Diagnostic arthroscopy is performed through the P (Posterior) portal using a 70° arthroscope. The anterior glenoid, detached anterior labrum, superior labrum and biceps anchor, the Hill-sachs lesion on posterosuperior glenoid and other intra-articular areas are visualized. The glenoid dimensions and engagement of the Hill–Sachs lesion over the anterior glenoid are visualized and confirmed (Fig 3A). The anterior glenoid is prepared by introducing the radiofrequency probe through the AS (anterosuperior) portal. An L-shaped capsulotomy is made with the vertical limb near inferior most part of the glenoid (Fig 3B). A tug suture is placed on the apex of the capsular cut, and this is pulled superiorly away from the area of glenoid preparation and coracoid fixation in the anteroinferior glenoid (Fig 3C). The anteroinferior part of the glenoid is prepared using a radiofrequency probe and the superficial bone abraded with a rotary burr to create a bleeding surface to receive the coracoid bone graft (Fig 3D).
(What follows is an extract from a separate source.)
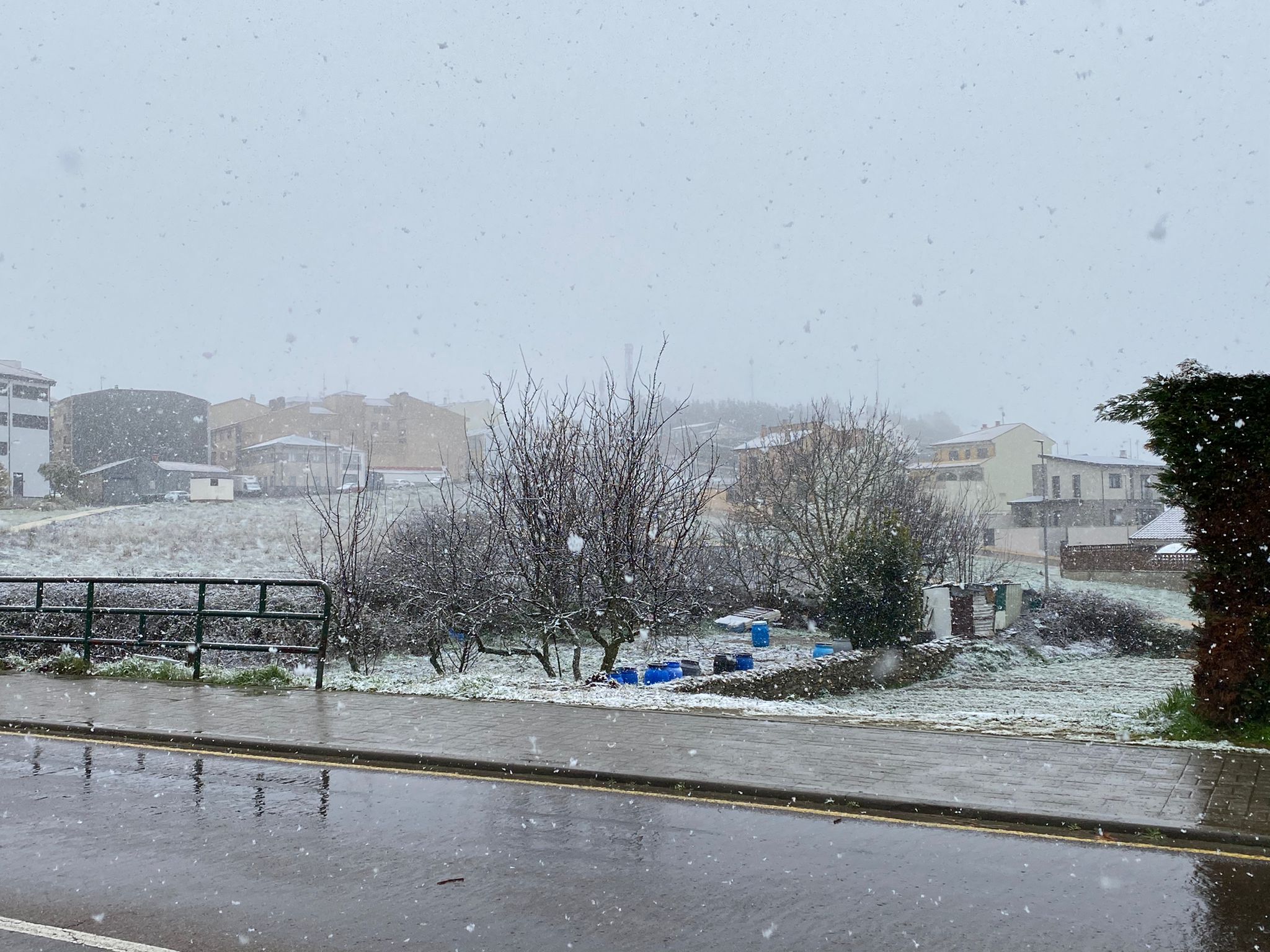 Nieva en Guijuelo este domingo, donde la Delegación del Gobierno en Castilla y León activa la alerta amarilla por nieve, lluvias y viento en Castilla y León por el paso de la borrasca ‘Karim’

Fig 3 — (A) Engagement of the Hill–Sachs on the anterior glenoid of the right shoulder, viewed from the posterior (P) portal. (B) Capsulotomy using radiofrequency probe. (C) Elevation of capsulolabral complex. (D) Preparation of glenoid using rotary barrel burr 4 mm.

Coracoid Preparation

The soft-tissue attachments to coracoid are released, retaining the conjoint tendon attachment at the tip of the coracoid. The coracoacromial ligament is released form the lateral aspect. The undersurface is cleared and bone burred to decorticate using a rotary burr (4 mm) introduced through the AS portal. The C (central) portal is used to release the pectoralis minor from the medial aspect of coracoid. The superior surface of coracoid is cleared up till the attachment of the coracoclavicular ligaments (conoid and trapezoid). The length of the coracoid that can be used for the Latarjet procedure is measured using arthroscopic measuring device (usually about 20 mm) (Fig 4A). The H (high) portal is created, confirming the trajectory for coracoid drilling, using a needle. The coracoid drill guide is introduced from the superior aspect of the coracoid through the H portal (Fig 4B). Then, 1.2-mm guidewires are drilled into alpha and beta holes of the coracoid drill-guide (Fig 4C). These are further over drilled with 3.2-mm drill bit (Fig 4E).
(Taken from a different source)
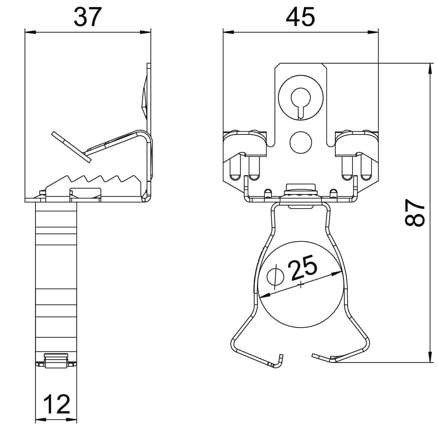 Boja cink Debljina prirubnice F maks. 13 mm Debljina prirubnice F min. 7 mm Dimenzija 7-13mm Dimenzija L 87 mm Dužina 89 mm Maksimalna nosivost 0,45 kN Materijal Čelik Podesivi zglob ne Površina Listići od cinka Prečnik cevi/kabla maks. 25 mm Prečnik cevi/kabla min. 20 mm Širina 45 mm Visina 37 mm Vrsta pričvršćivanja zategnuti Vrsta priključka/komponente Cev/kabl Zglobno ne - Svi tipovi

Fig 4 — Coracoid preparation of the right shoulder. (A) Measurement of coracoid length using arthroscopic measurement probe (Arthrex, Naples, FL). (B) Coracoid drill-guide (Arthrex) placement for drilling the coracoid holes. (C) 1.2-mm guidewires drilled into the coracoid. (D) External picture of drilling over the guidewire. (E) Guidewires overdrilled with a 2.4-mm drill bit.

Coracoid Osteotomy

The base of the coracoid is demarcated for the osteotomy using the rotary burr, removing cortical bone in a circumferential area at its base (Fig 5A). A curved osteotome is introduced through the H portal and the osteotomy is completed using a gentle tap to detach the coracoid at the region where the base has been decorticated (Fig 5B). The coracoid base at the osteotomy site is cleared of any prominent bone spike using a rotary burr. The osteotomized coracoid rests in the region posterior to the pectoralis major.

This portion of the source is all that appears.